Telling Your Children You Are Getting a Divorce
The end of a marriage is always difficult, even when the two parties involved have come to a mutual agreement. For children, however, the news can lead to unexpected responses, so it is understandable that parents may feel nervous or reluctant to speak with them. When the time comes to tell your children, there are a few things to keep in mind:
- There will be questions that need answering. Whether your child is 5 or 25, he or she will have questions. Those questions may be painful to you, but it is in your best interest to answer them as fully and as honestly as possible.
- They will remember that moment. Ask any children of divorced parents; odds are those children remember the exact moment when their parents told them about the divorce. You and your partner should choose a place and time that is safe and secure for your children – not, for example, a public restaurant or on a holiday.
- Your children’s feelings and reactions are valid. It is tempting to think of your divorce as something that’s personal to you and your spouse alone, but your children may have mixed reactions to the news.

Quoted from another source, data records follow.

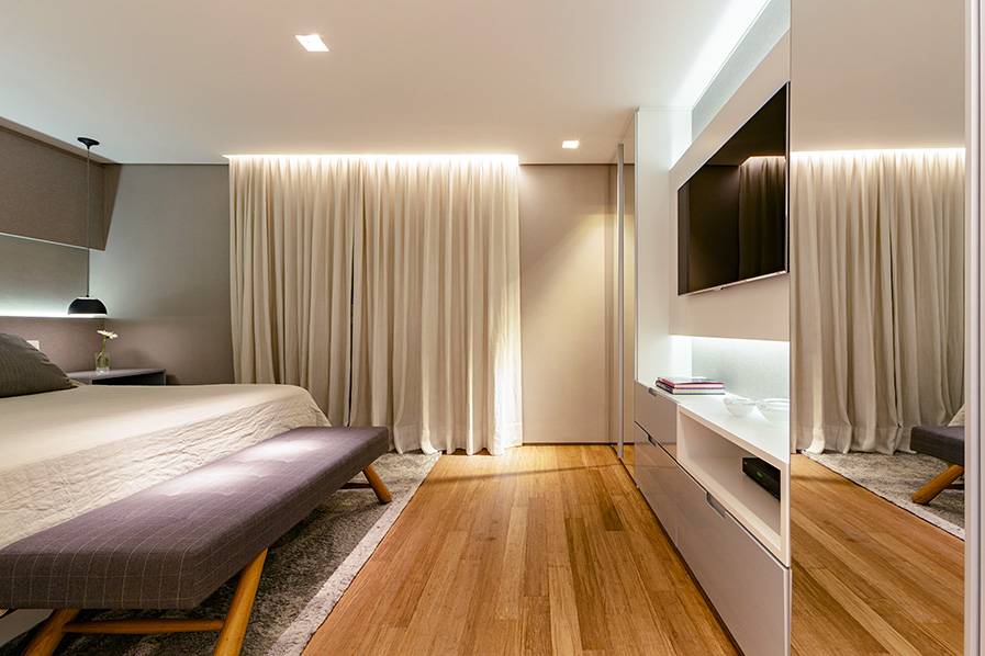 Другая мебель в спальне должна быть функциональной, с гладкой текстурой, простой и желательно в одном — двух приглушенных тонах. Лучше всего положить натуральный материал на пол, например, натуральные деревянные доски согревают интерьер спальни и делают его более уютным. Также, натуральные доски могут украсить одну из стен или стать эффективным продолжением изголовья кровати. Благодаря этой обработке вы получите характерный акцент без добавления лишних предметов.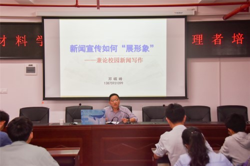 5月18日,材料学院于新能源1号楼开展了第三期卓越管理者培训班第四课---新闻宣传专题培训,此次主讲人为太阳成集团tyc122cc入口党委宣传部副部长邓崛峰,团学会全体成员参加培训会。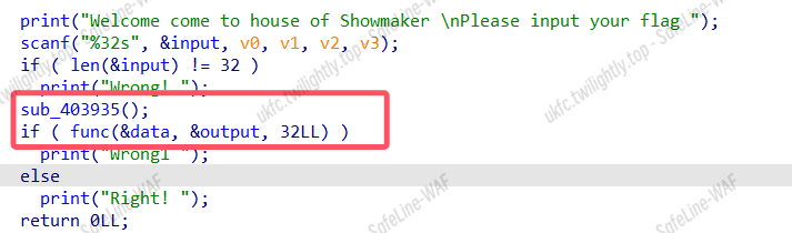 长度 32,func 里面是用 AVX2 指令集的汇编,就是一个比较函数,重点看 sub_403935
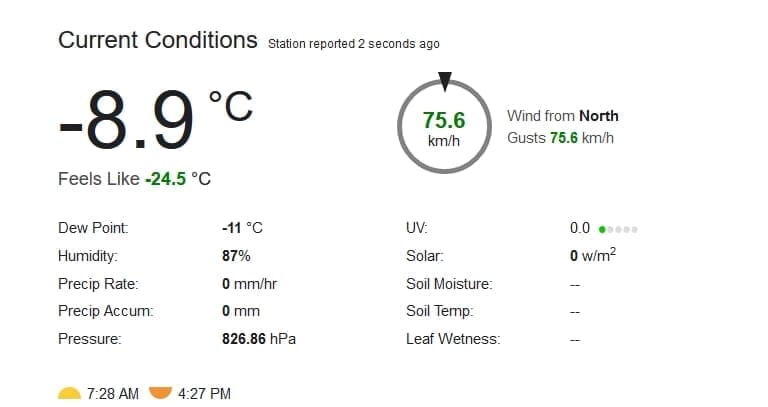 U 19 sati Sveti Jure na Biokovu najhladnija je postaja u državi s -10°C. Na Velikoj Duvjakuši na Dinari je -9°C, ali uz olujnu buru osjet hladnoće trenutno iznosi čak -25°C.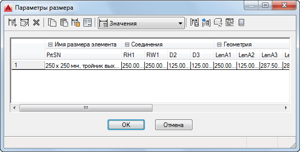 - Значения. Данный режим служит для просмотра и изменения значений параметров, если они хранятся как списки, таблицы и константы. Несколько размеров элементов задаются путем ввода нескольких значений для параметров размеров. Можно вводить значения вручную или копировать и вставлять их из другого элемента, открытого в Конструкторе содержимого, из элемента, открытого в Редакторе каталогов, или из электронной таблицы. Для параметров соединителей также можно вставить соответствующие размеры для сегментов, используемых по умолчанию во время компоновки.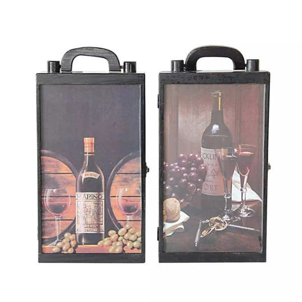 YK DECOR S/2 Wood Wine Box Carrying Case Double Bottle Wine Gift Box Holder with Handle

Some may feel relief that the unhappiness will end. Others may react with profound sadness or grief. Some children display no visible emotions at all. Each of these responses – indeed, any responses – are valid, even if they don’t coincide with yours.
- All of your children deserve your trust. Over the years, we’ve met many parents who felt it was better to tell the older children before the younger ones. However, this puts an unnecessary burden on your older children to keep their grief to themselves, and could indicate to younger children that they are not “worthy” of handling the news. It’s in your family’s best interest to discuss the matter together, as it alleviates some of the stress of keeping a secret.
- Children suffer from long, protracted battles. Your children will pay the price of you and your spouse’s inability to reach an agreement. A long, contentious battle may be inevitable, but it only harms your children. If you and your spouse cannot be amicable, make it a point to at least be civil in one another’s company. Don’t unload your anger, grief or anxiety on your children, and do whatever you can to reach a resolution as quickly and fairly as possible.
We’ve helped hundreds of Tennessee families come to terms with their marriage dissolution, and we’ve learned that in most cases, one person is deeply wounded by the process. Your children are almost guaranteed to see that wound. And while we would never recommend ignoring your own grief, we know that bearing it openly (and loudly) to your children can only cause problems later.
The most important thing to remember is that honesty is key – so long as that honesty doesn’t pit you against your spouse, or your children against one another. It’s common for children to “side” with one parent or the other; make sure that you stress how you and your spouse both love your children, and that the decision to divorce will not affect that love, no matter what.